A guerrilha nepalesa levou Mira Rai a manusear armas e correr em alta velocidade na montanha desde a adolescência.
Um destino cruel que acabou se transformando em conto de fadas: hoje, com 26 anos, Mira é uma das maiores atletas do planeta no ultra-trail, a Corrida de Montanha.
"É como num sonho, além de tudo que poderia imaginar. Eu era apenas uma menina do interior", relata a nepalesa à AFP.
Filha de camponês pobre, a atleta tinha apenas 14 anos quando saiu de casa para lutar ao lado do rebeldes maoistas que tentavam derrubar o governo.
"Na nossa sociedade, as meninas precisam se comportar de uma determinada maneira. Eu não queria ser limitada desta forma", explica a corredora.
Inconformada com o peso da tradição da sociedade patriarcal nepalesa, Mira foi atraída pelo apelo revolucionário dos maoistas.
"Eles ofereciam oportunidades às mulheres, nos tratavam como iguais. Eu percebi que mulheres podem lutar como homens, ser corajosas, e foi assim que ganhei confiança", lembra.
Além de aprender a atirar, Mira participou com outros combatentes de corridas para aumentar a resistência.
"Eu me dava muito bem, corria mais rápido do que os meninos", orgulha-se a atleta, que continua praticamente imbatível nas montanhas.
Em junho, a nepalesa quebrou o recorde da corrida do Mont Blanc, nos Alpes Franceses, ao completar 80 quilômetros 22 minutos antes da segunda colocada.
Tênis de quatro dólares
Em 2006, Mira Rai se encontrava em uma situação menos invejável. Com o fim da rebelião maoista no seu país, depois de dez anos de luta armada, ela ficou sem dinheiro e estava prestes a deixar o Nepal para trabalhar em uma fábrica de componentes eletrônicos na Malásia.
Foi nesse momento que seu talento chamou atenção de Dhurba Bikram Malla, professor de caratê de Katmandu.
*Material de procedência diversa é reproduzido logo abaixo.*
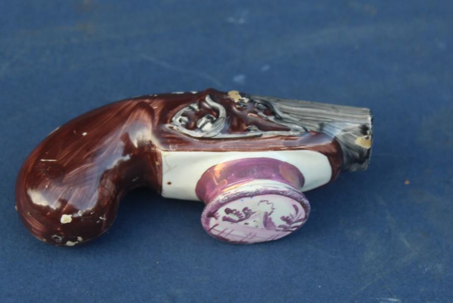 | PEARLWARE SNUFF BOX in the form of a Pistol |

A ex-menina-soldado começou a treinar nas ruas engarrafadas da capital, porque não tinha dinheiro para comprar passagem até o ginásio.
"Ela era muito determinada. Bastava mandar ela fazer algo e ela fazia. Tinha muita regularidade em termos de velocidade, parecia que ela nunca cansava", relembra Dhurba Bikram Malla.
Mira estreou em competições oficiais em março de 2014, quando percorreu 50 quilômetros nas montanhas do vale de Katmandu.
Usando um tênis que comprou por quatro dólares, ela correu durante horas, até ficar sem energia. "Tive que parar, peguei dinheiro emprestado para comprar caldo de macarrão e voltei a correr", conta.
Isso não impediu a nepalesa de cruzar a linha de chegada em primeiro lugar, vencendo assim sua primeira corrida. O prêmio era, justamente, um par de tênis novos.
Desde então, Mira conquistou a medalha de ouro em nada menos do que 13 provas nacionais, ou internacionais. No total, ela disputou 20 ultra-trails, inclusive o mítico Degli Eroi, percurso de 83 quilômetros nos alpes italianos.
A vitória no Mont Blanc deixou a nepalesa na segunda colocação do Skyrunners World Series, disputada nos cinco continentes.
Escassez de patrocínios
O Nepal oferece locais de treinos imcomparáveis, como as montanhas mais altas do mundo, mas não existem muitas corridas no país.
Mesmo assim, outros atletas nepaleses começam a despontar na modalidade, entre eles o soldado Samir Tamang, que conquistou neste ano o título de campeão asiático de skyrunning.
Rai e Tamang contam com o apoio da organização Trail running Nepal, mas ambos têm muita dificuldade para encontrar patrocinadores.
"É praticamente impossível", lamenta o fundador da associação, Richard Bull. "Para que o esporte continue crescendo no Nepal, é preciso organizar mais corridas, e apenas assim conseguiremos mais patrocínios", acrescentou.
Rai é hoje patrocinada por uma grande marca internacional de equipamentos de esportes de inverno. Recentemente, ela conquistou uma premiação de 1.500 dólares, o dobro da renda média anual dos nepaleses.
"Eu tive a sorte de ganhar várias oportunidades. Quero ser fonte de inspiração para outras mulheres, mostrar que nada é impossível quando se trabalha duro. Deve ter muito mais outras Mira Rai no Nepal", completou.